**PROBLEM TO SOLVE**
Could you restate all of the records exactly, leaving out the pictures?

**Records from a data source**
/---
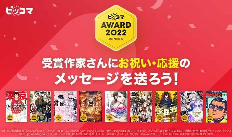 这次的奖项是以大约1600万名Piccoma用户从2021年3月到2022年2月阅读的全部作品为对象,从“读者数”、“销售额”、“点赞量”这三大类的上位作品中,选出3部漫画、3部条漫、3部轻小说的合计9部作品。
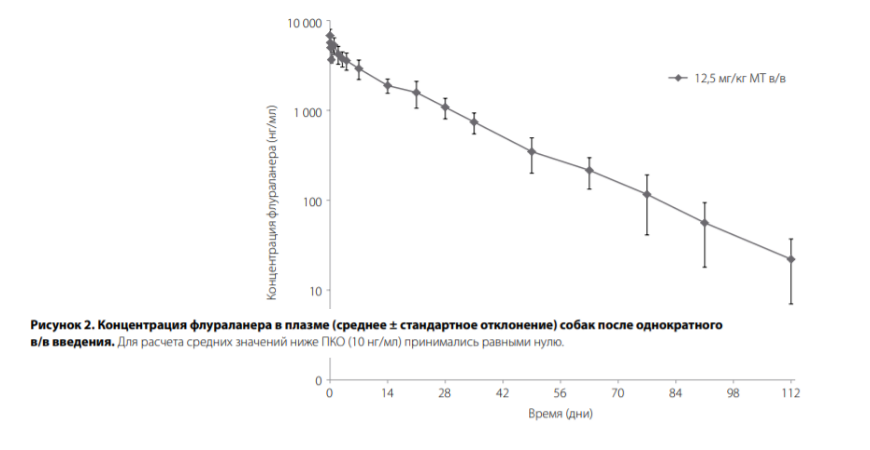 На рисунках представлена концентрация действующего вещества (флураланера) в плазме после однократного перорального введения (рис. 1) или внутривенного введения (рис. 2)
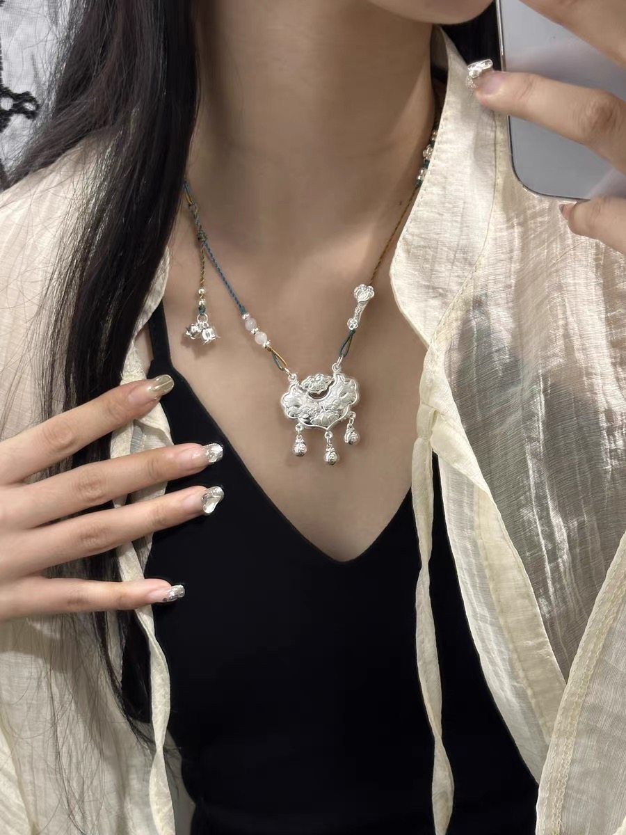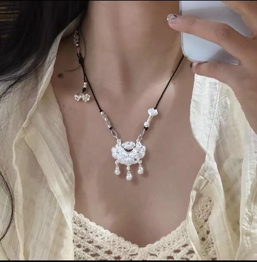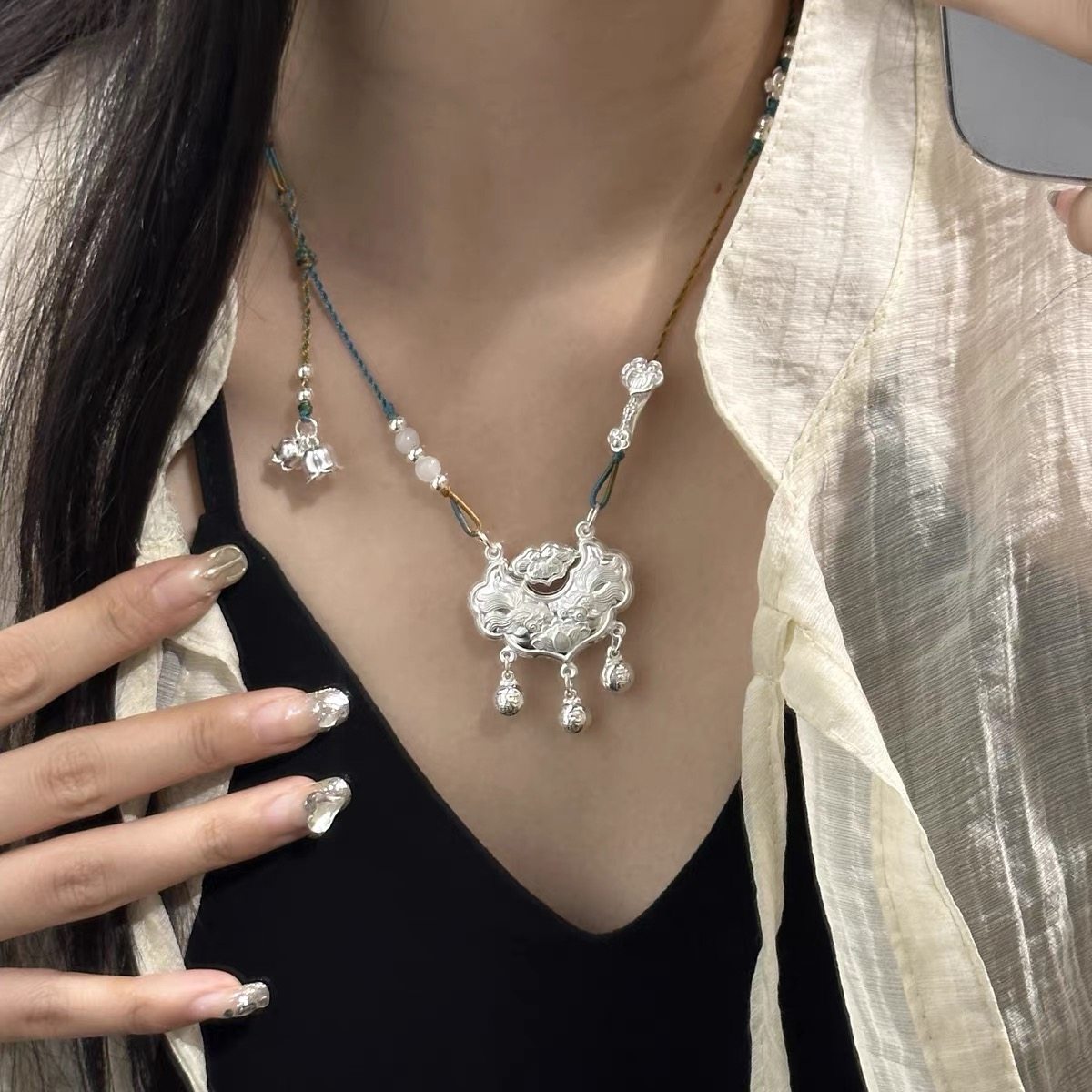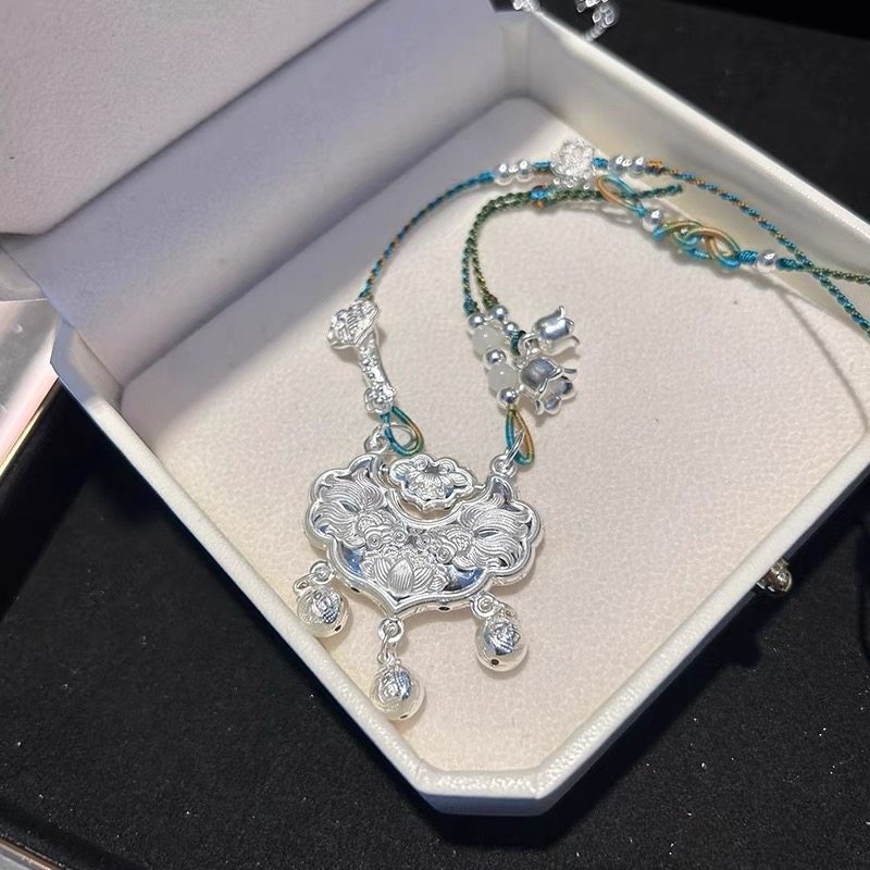 999 Pure Silver Pisces Carp Pendant, Pure Silver Peace and Prosperity Longevity Lock Necklace, Ethnic Girlfriend Jewelry Gift
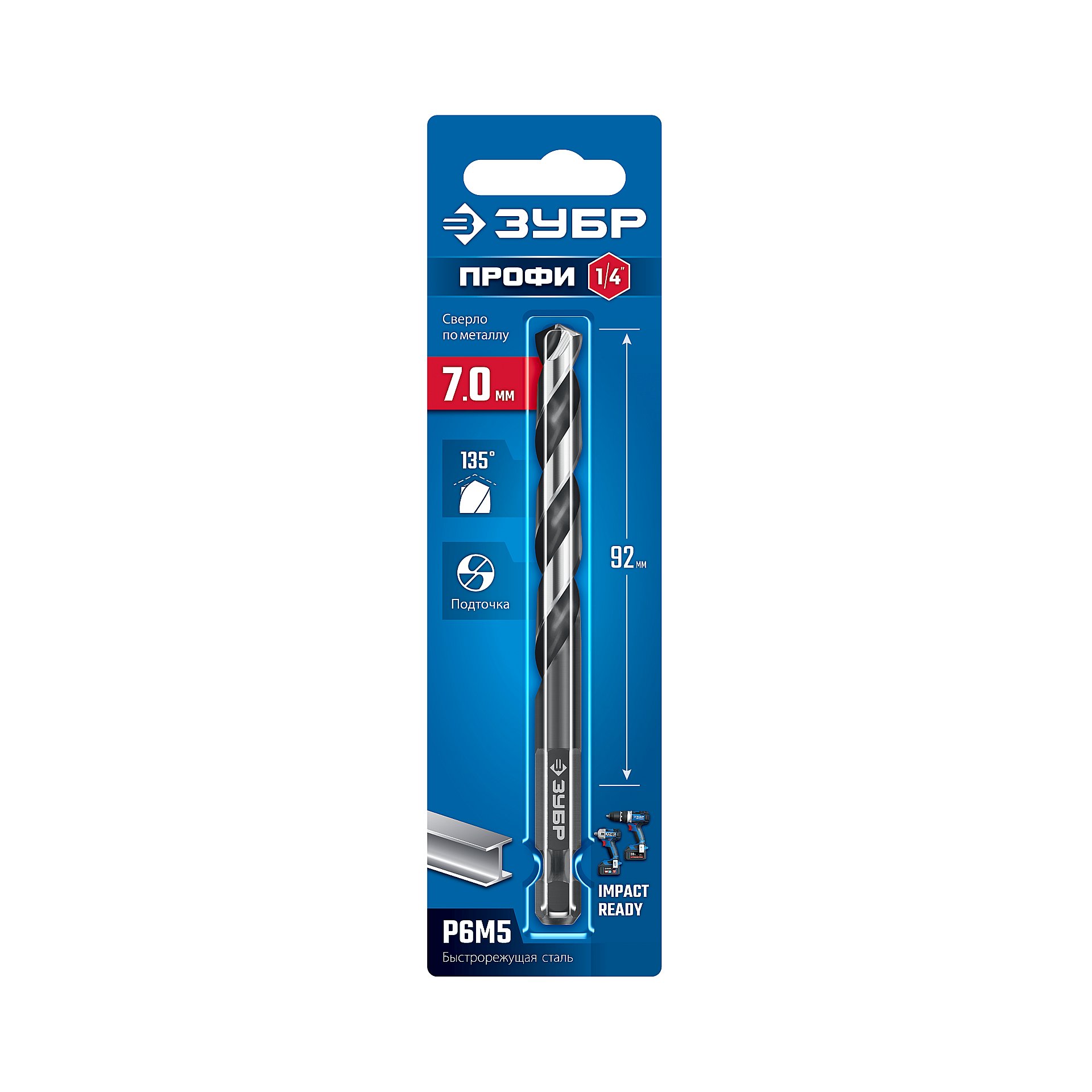 ЗУБР НЕХ-1/4″, d 7.0 х 109 мм, сверло по металлу для винтовёртов и шуруповертов IMPACT READY (29623-7)
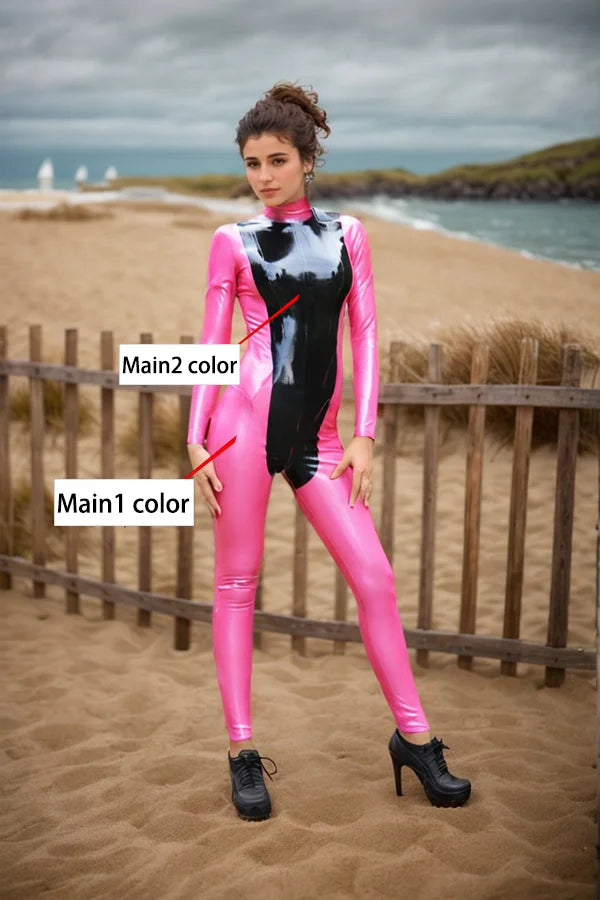Material & Gloss: Ignite your wardrobe with a surge of high-octane color. Crafted from premium 0.40 mm natural latex, the "Magenta Fusion" catsuit features a brilliant Rose Pink base paired with a deep, light-absorbing Black. Both colors are polished to a professional mirror-shine finish, delivering that iconic "wet-look" luster that amplifies the suit?¡¥s bold contrasts and luxurious texture.
\---
**RESPONSE AREA**
 这次的奖项是以大约1600万名Piccoma用户从2021年3月到2022年2月阅读的全部作品为对象,从“读者数”、“销售额”、“点赞量”这三大类的上位作品中,选出3部漫画、3部条漫、3部轻小说的合计9部作品。
 На рисунках представлена концентрация действующего вещества (флураланера) в плазме после однократного перорального введения (рис. 1) или внутривенного введения (рис. 2)
 999 Pure Silver Pisces Carp Pendant, Pure Silver Peace and Prosperity Longevity Lock Necklace, Ethnic Girlfriend Jewelry Gift
 ЗУБР НЕХ-1/4″, d 7.0 х 109 мм, сверло по металлу для винтовёртов и шуруповертов IMPACT READY (29623-7)
Material & Gloss: Ignite your wardrobe with a surge of high-octane color. Crafted from premium 0.40 mm natural latex, the "Magenta Fusion" catsuit features a brilliant Rose Pink base paired with a deep, light-absorbing Black. Both colors are polished to a professional mirror-shine finish, delivering that iconic "wet-look" luster that amplifies the suit?¡¥s bold contrasts and luxurious texture.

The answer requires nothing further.